00003b80 0000000000000024 00003b84 FDE cie=00000000 pc=000000000002d8e6..000000000002dc87
LOC CFA rbx rbp ra
000000000002d8e6 rsp+8 u u c-8
000000000002d8e7 rsp+16 u c-16 c-8
000000000002d8ea rbp+16 u c-16 c-8
000000000002d8f2 rbp+16 c-24 c-16 c-8
000000000002dc86 rsp+8 c-24 c-16 c-8
What's the object that we want to get out? We're doing this:
static int walk_stack(Cursor& c, const Action& a = Action())
{
a.act(c);
if (!ValidityCheck::check(c)) abort();
int err = StepRoutine::step(a, c);
if (err) return 1;
void *lower, *lower;
int (*next_walker)(Cursor&, const Action &) = Dispatcher::lookup(a, c, &lower, &upper);
return next_walker(c, a);
}
... so we want an implementation of some or all of
int walk_stack(Cursor& c, const Action& a = Action())
StepRoutine::step(a, c);
Dispatcher::lookup(a, c, &lower, &upper);
... where our blind frame pointer does
the above walk_stack
step that is basically
c.rsp() = (uint64_t) (((void**)c.rbp()) + 2);
c.rip() = (uint64_t) *(((void**)c.rbp()) + 1);
c.rbp() = (uint64_t) *((void**)c.rbp());
lookup that just returns the same.
So we're allowed to generate
... a walk_stack that is optimised for particular frames
... a stepper that encodes the CFA table (as a function from context to context)

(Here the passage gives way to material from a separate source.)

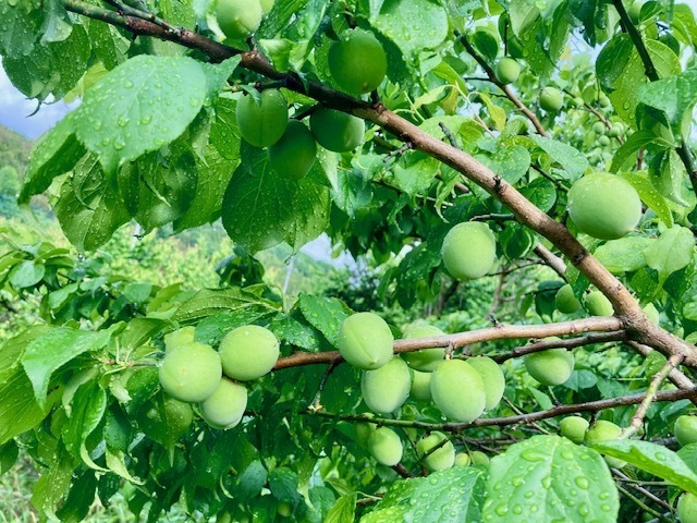 ご覧のように梅畑が草だらけなのは、農薬や除草剤を使わず、なるべく草を刈らずに根も残し、圃場内の生態系を豊かにすることを狙ってのことで、草生栽培とも呼ばれています。夏場の土壌の乾燥を防ぎ、水分の枯渇により梅の実に起こる陥没症の防止にもなるとも考えています。梅の実の皮まで安心して食べられるよう、このような栽培を続けています。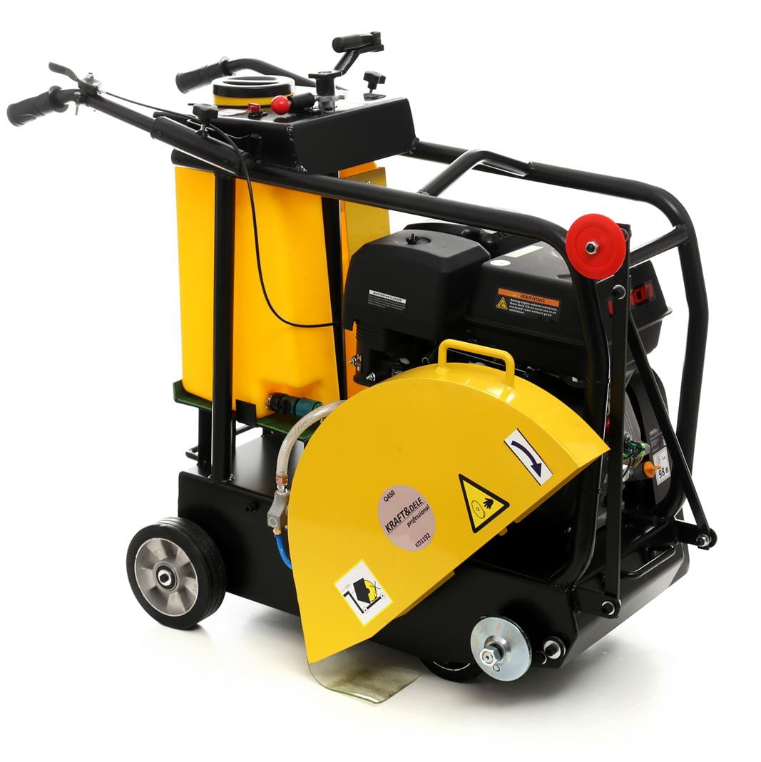 Pila na asfalt a beton od společnosti Kraft&Dele. Zařízení je určeno k řezání asfaltu a betonu v přímé linii. Prezentovaný model je poháněn profesionálním motorem LONCIN 390F. Tato značka je známá pro nejvyšší kvalitu a odolnost svých produktů. Pohon je přenášen pomocí klínových řemenů odolných proti přetížení, které se vyskytují během práce zařízení. Konstrukce pily umožňuje namontovat kotouč o průměru od 350 mm do 500 mm. Pila má kryt chránící před kontaktem s kotoučem během práce a systém chlazení kotouče. Chlazení kotouče probíhá pomocí vody, nádržka pojme 24 l vody. Další výhodou je vodítko umožňující přesně nastavit linie řezu a kontrolovat ji během práce.VLASTNOSTI: - Vysoký výkon - Pohodlná rukojeť - Certifikát shody Parametry: • Model: KD11920 • Středicí otvor kotouče: 2,5 cm (250 mm) • Velikost kotouče: 35 cm, 40 cm, 45 cm, 50 cm • Otáčky: 2950 ot/min • Hloubka řezu: 145 mm • Typ pohonu: manuální • Objem nádrže na vodu: 24 l • Čistá hmotnost: 116 kg Součásti sady: • Pila na asfalt a beton KD11920 • Návod v českém jazyce • • Originální balení • Účet nebo faktura.

... or just a row in the CFA table?
... or just a *cell* in the CFA table? no, must
... a dispatcher that is optimised for particular frames and walkers (and may do caching).
Remember the inline caching idea: each function has its own stepper,
and may also have its own dispatcher who code is an inline-cached branch
to the next walker / stepper. The branch is guarded by tests on the next
rip -- that it is within the range expected. So the branch is specialised to
a particular caller. Could any other flavour of guard be efficient?
Maybe whether the caller is in the same object? i.e. instead of "blind"
walker which assumes the same walker/dispatcher for all parent frames,
a "DSO-homogeneous" walker which quickly checks that the caller is in the same DSO,
and avoids the indirect call if so? This is only useful if we *can* avoid the
indirect call, so for generic steppers rather than per-frame-compiled steppers.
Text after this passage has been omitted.